Esto es un homenaje:
Una placita remodelada. Sus árboles, sus tres bancos. En un enclave de paso a la arteria principal del pueblo. Mi padre se sentaba en uno de esos bancos casi todas las tardes, antes de encerrarse en casa, hasta el día siguiente, para volver con el nuevo día a esa rutina en que se convirtieron sus días en la última fase de su vida.
La consigna era no preocupar a nadie. –Estoy bien- decía- y así pasarían las horas y los días hasta llegar a un desenlace que imaginamos más tarde de lo que realmente fue. Pero bien no estaba. La soledad, la pandemia si quieren y un no querer cuidarse mucho (nunca lo quiso) nos llevaron a unos días largos y milagrosamente lluviosos de finales de abril.
Murió en abril. Con alegre sonido de lluvia.
Me he preguntado (lo seguiré haciendo) si yo, su única familia, a fin de cuentas, tuve una cierta responsabilidad, quizás para retrasar lo inevitable.
No. No la tuve. Me consuela pensarlo. Estuve cuando tuve que estar. En esos momentos en que para calmar nuestras soledades (no estrictamente no deseadas) nos llamábamos, nos veíamos para hablar de la más soberbias chorradas. O para hacer la compra. O para recordar tiempos pasados. O para invitarnos a comer (siempre pagaba él) y para que, y esto es lo importante, viera crecer sana y feliz a su única nieta.

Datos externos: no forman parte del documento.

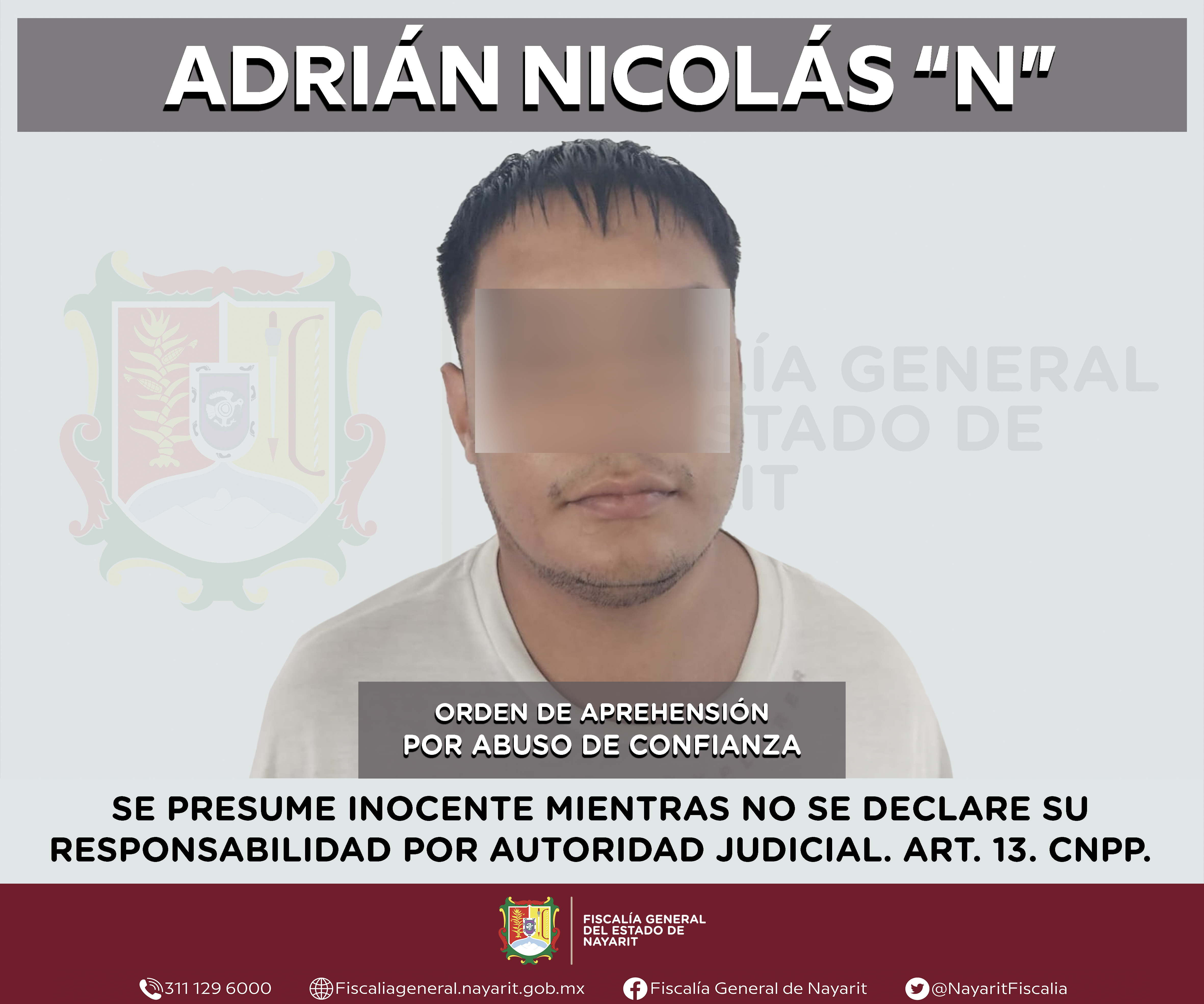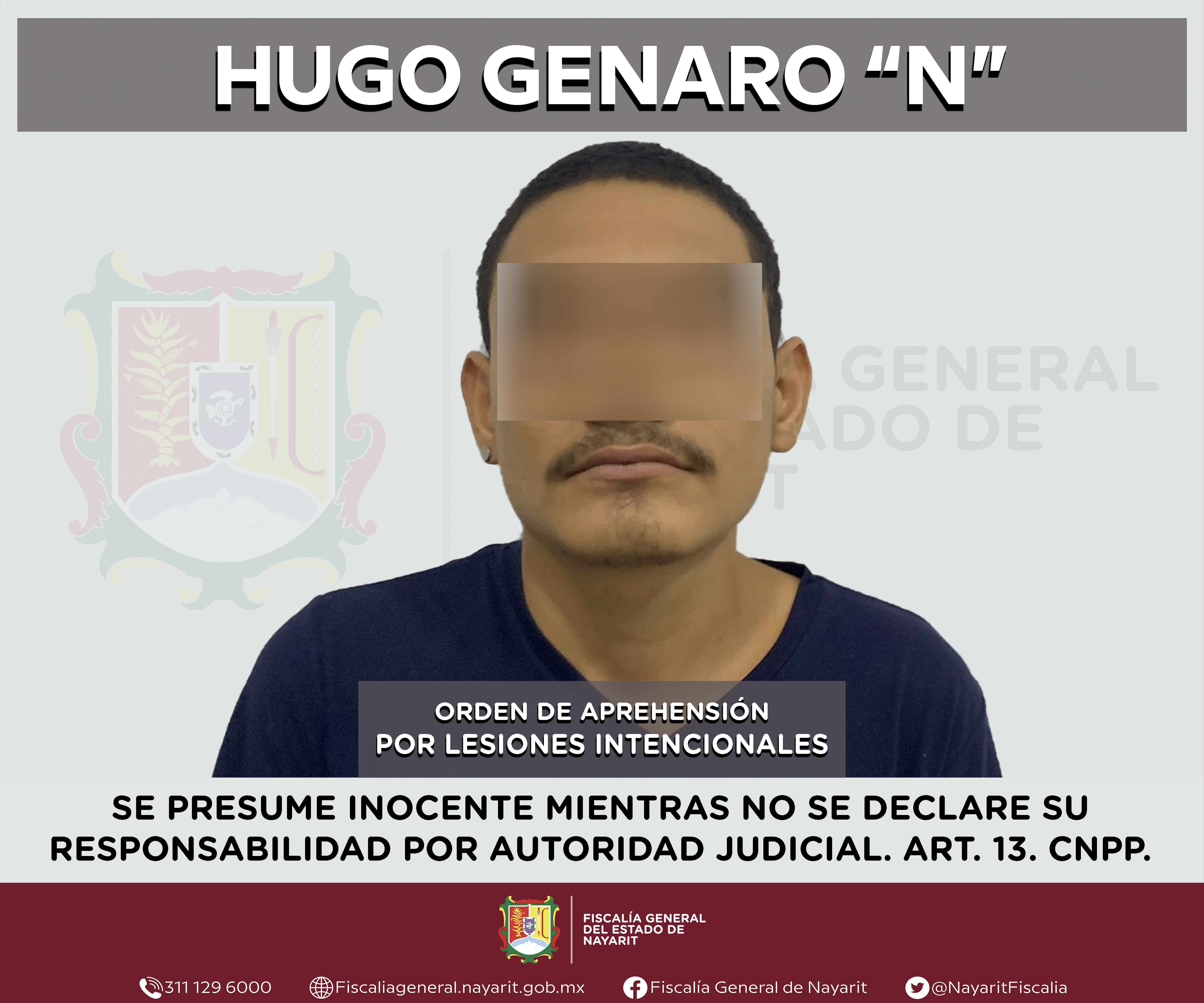 La Fiscalía General de Nayarit a través de la Agencia de Investigación Criminal ejecutó una orden de aprehensión en la localidad La Peñita de Jaltemba, municipio de Compostela contra Hugo Genaro “N”, por su presunta participación en hechos que...

DEMOLICIÓN, mi último relato auto publicado también habla (como no podía ser de otro modo) de todos esos rincones, que duermen olvidados en lo más profundo de nuestras consciencias. Y ese banco, en el que se sentaba mi padre todas las tardes, bien podría figurar.
Mi padre no viajaba. Su mundo era minúsculo, al menos físicamente. Y ese lugar del que nadie apenas hablará, ese rincón, digo, era su oasis en mitad del aciago desierto en que se convirtieron nuestras vidas. El lugar, ese rincón, coqueto y lleno de historia (con vistas a lo que fue un Sant Celoni medieval- “Torre de la Força”) en el que descansaba de los achaques de su enfermedad renal crónica, si. Pero también el lugar (la tarde y el momento, sin nadie a su alrededor sin apenas tráfico, y con un sol tibio calentando su pálida piel helada) en el que mirar a la muerte a la cara. No tenerle miedo. Y ver, que quizás todo esfuerzo a este lado del plano iba a ser en vano. Quizás tuviera él, el privilegio o el don con todos los que ya se fueron, y ahora deambulan por esos rincones de los que nadie hablará en ninguna mala novela de ningún escritor principiante.
Su lugar. Su banco. Su tranquilidad antes de dar un insufrible paso más.
Me reconforta saber que esa era su parcela infranqueable de felicidad. En la que yo, muy de vez en cuando me siento (lo estoy haciendo ahora) para escuchar su respiración entre cortada, para hablar con él de políticos y de chorradas (no habrá diferencia alguna) o de los buenos que eran los tiempos pretéritos. Conversaciones de viejos, supongo.
Me veo (ahora sin ir más lejos) sentado aquí intentando descifrar el silencio. Desencriptar su sonido. Para intentar (una vez más) escuchar su voz.